= Task prompt =
Starting at the line that contains "Dim. - +/- (15,5" and stopping at the line that contains "Hoka One One", restate each line of the records below exactly. Omit the pictures.

= Task data =
BEGIN
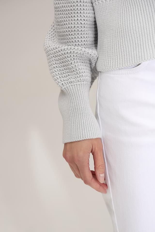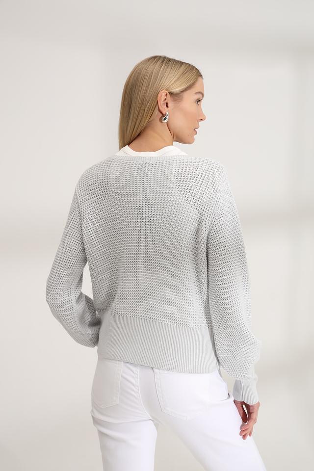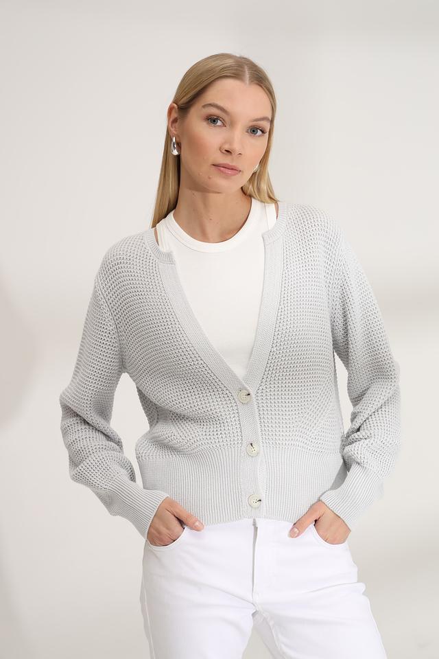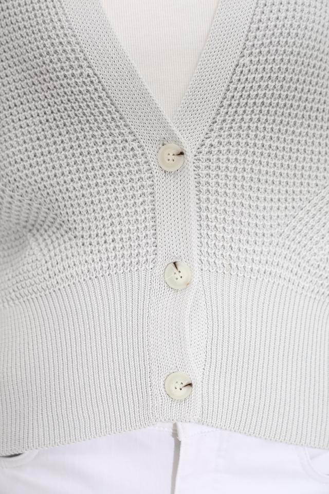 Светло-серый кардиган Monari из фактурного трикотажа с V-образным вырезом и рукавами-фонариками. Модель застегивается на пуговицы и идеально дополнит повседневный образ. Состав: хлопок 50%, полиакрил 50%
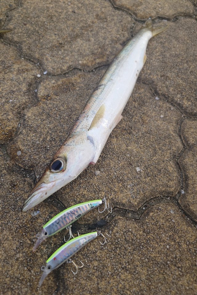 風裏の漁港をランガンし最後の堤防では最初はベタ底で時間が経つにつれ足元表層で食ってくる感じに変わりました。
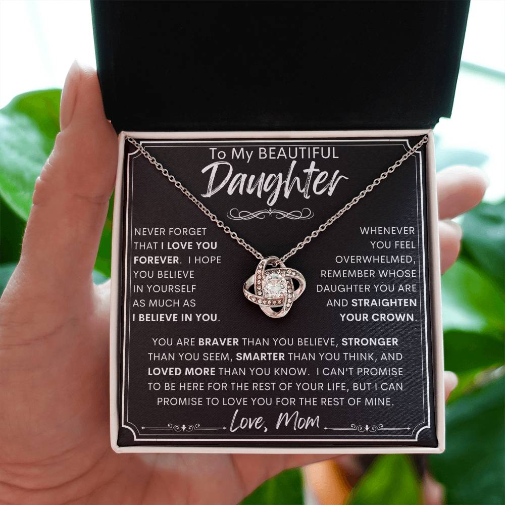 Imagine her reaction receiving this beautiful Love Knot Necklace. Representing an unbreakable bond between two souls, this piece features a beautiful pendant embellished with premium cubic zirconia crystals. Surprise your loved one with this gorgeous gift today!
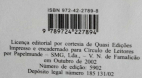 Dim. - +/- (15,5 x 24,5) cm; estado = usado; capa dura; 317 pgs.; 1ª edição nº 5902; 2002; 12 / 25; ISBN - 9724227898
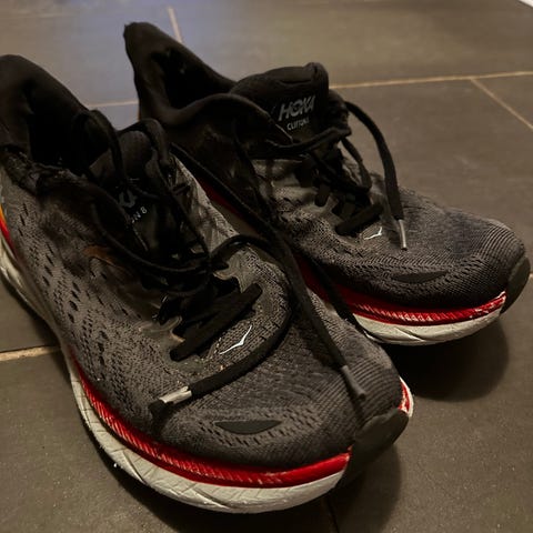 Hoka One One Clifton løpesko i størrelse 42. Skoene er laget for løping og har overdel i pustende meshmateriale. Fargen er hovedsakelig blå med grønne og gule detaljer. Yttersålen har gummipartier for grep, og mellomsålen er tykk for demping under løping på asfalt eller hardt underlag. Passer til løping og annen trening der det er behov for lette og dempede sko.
END
BEGIN
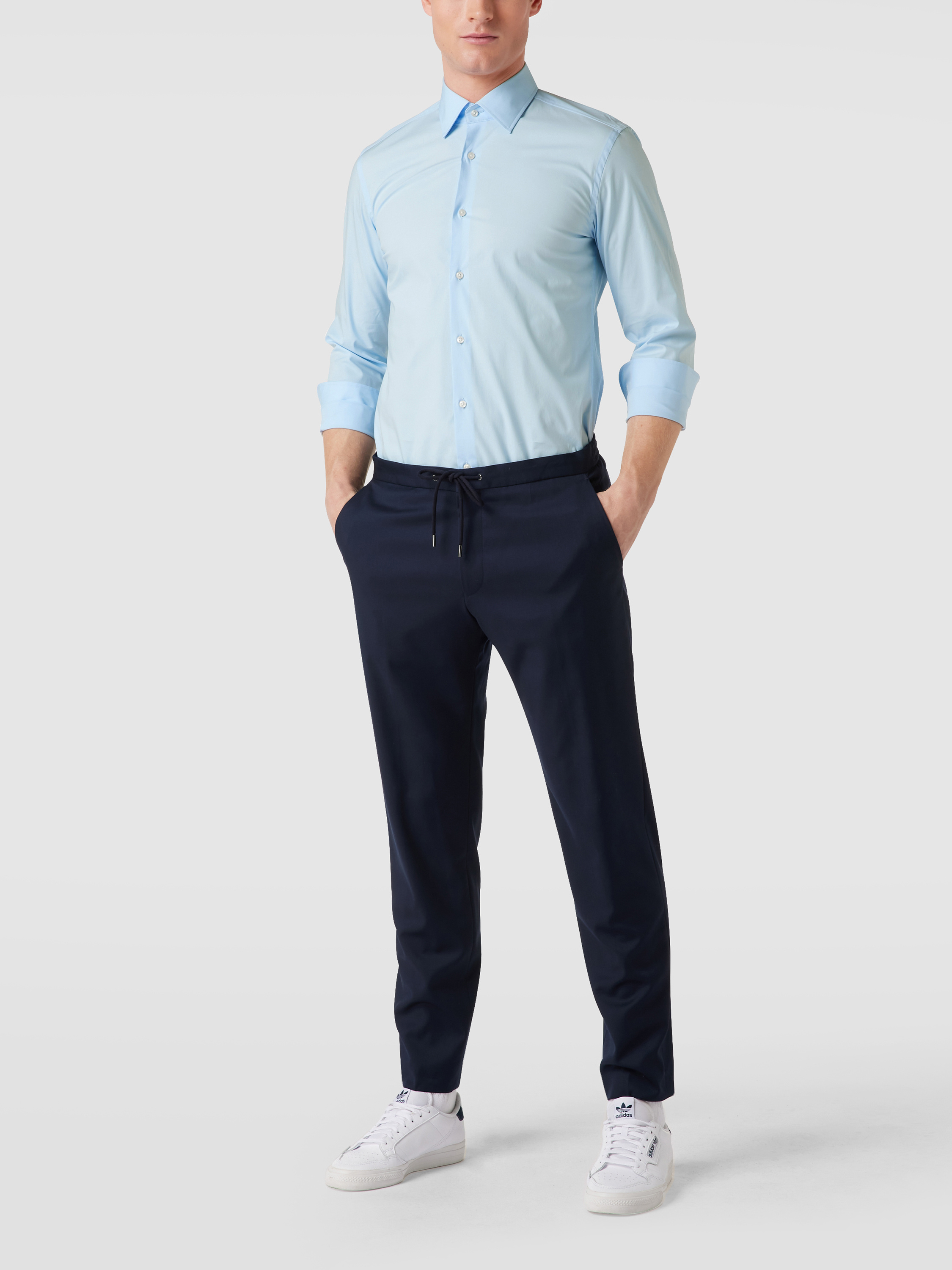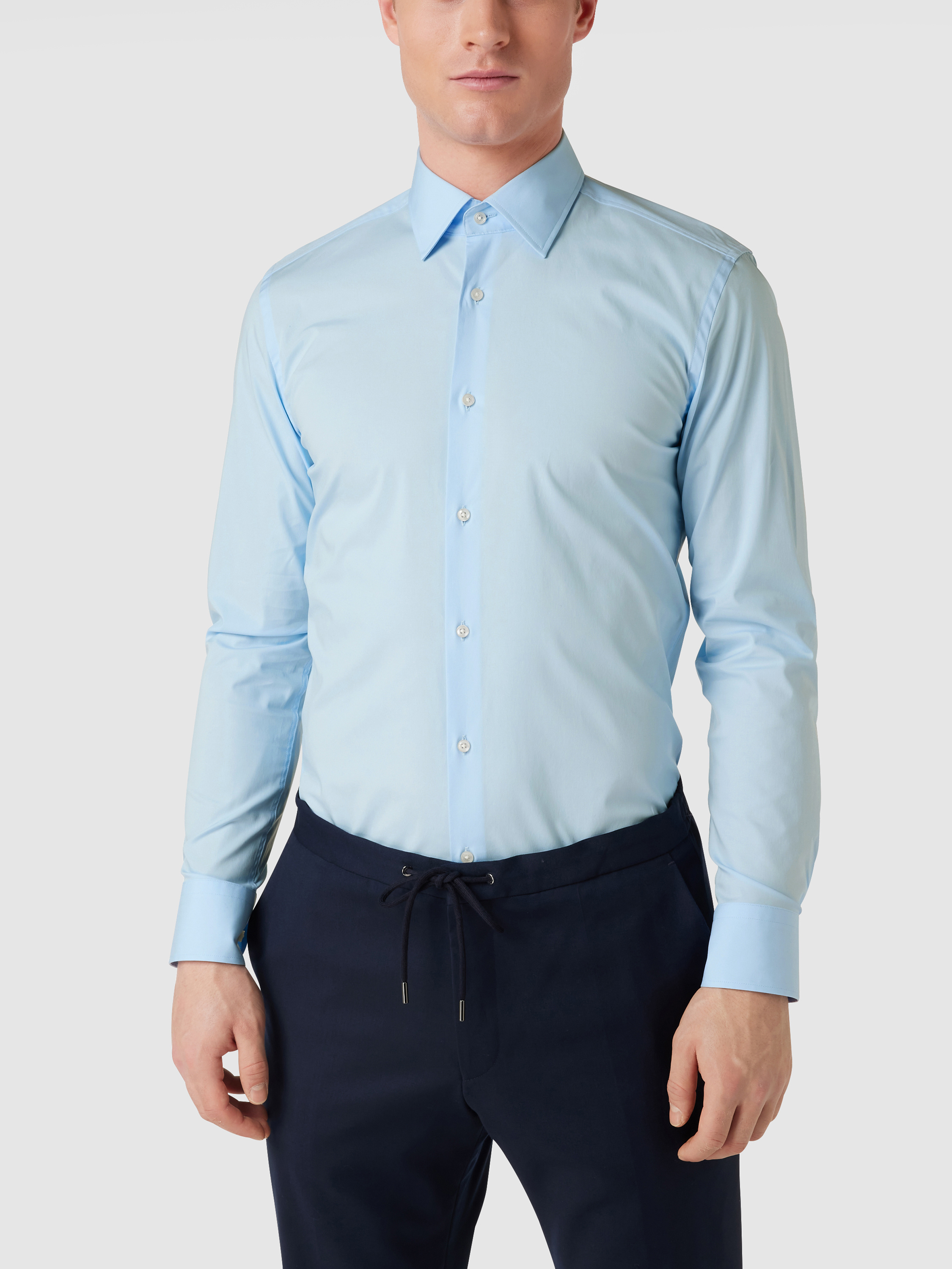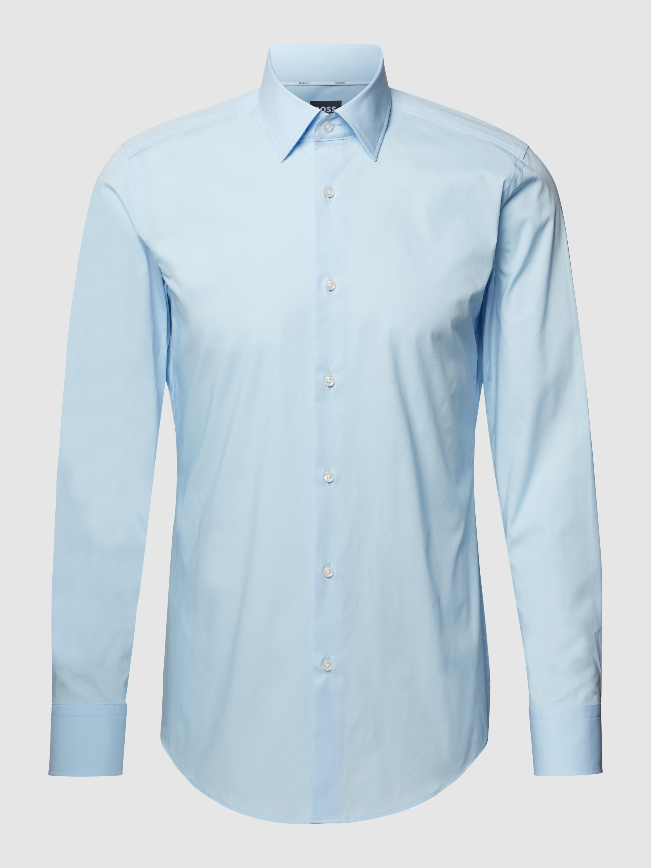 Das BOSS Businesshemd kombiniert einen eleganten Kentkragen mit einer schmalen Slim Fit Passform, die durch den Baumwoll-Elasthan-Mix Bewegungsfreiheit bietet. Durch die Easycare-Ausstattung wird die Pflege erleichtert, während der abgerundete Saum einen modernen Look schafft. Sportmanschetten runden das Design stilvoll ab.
END
= Exercise result =
 Dim. - +/- (15,5 x 24,5) cm; estado = usado; capa dura; 317 pgs.; 1ª edição nº 5902; 2002; 12 / 25; ISBN - 9724227898
 Hoka One One Clifton løpesko i størrelse 42. Skoene er laget for løping og har overdel i pustende meshmateriale. Fargen er hovedsakelig blå med grønne og gule detaljer. Yttersålen har gummipartier for grep, og mellomsålen er tykk for demping under løping på asfalt eller hardt underlag. Passer til løping og annen trening der det er behov for lette og dempede sko.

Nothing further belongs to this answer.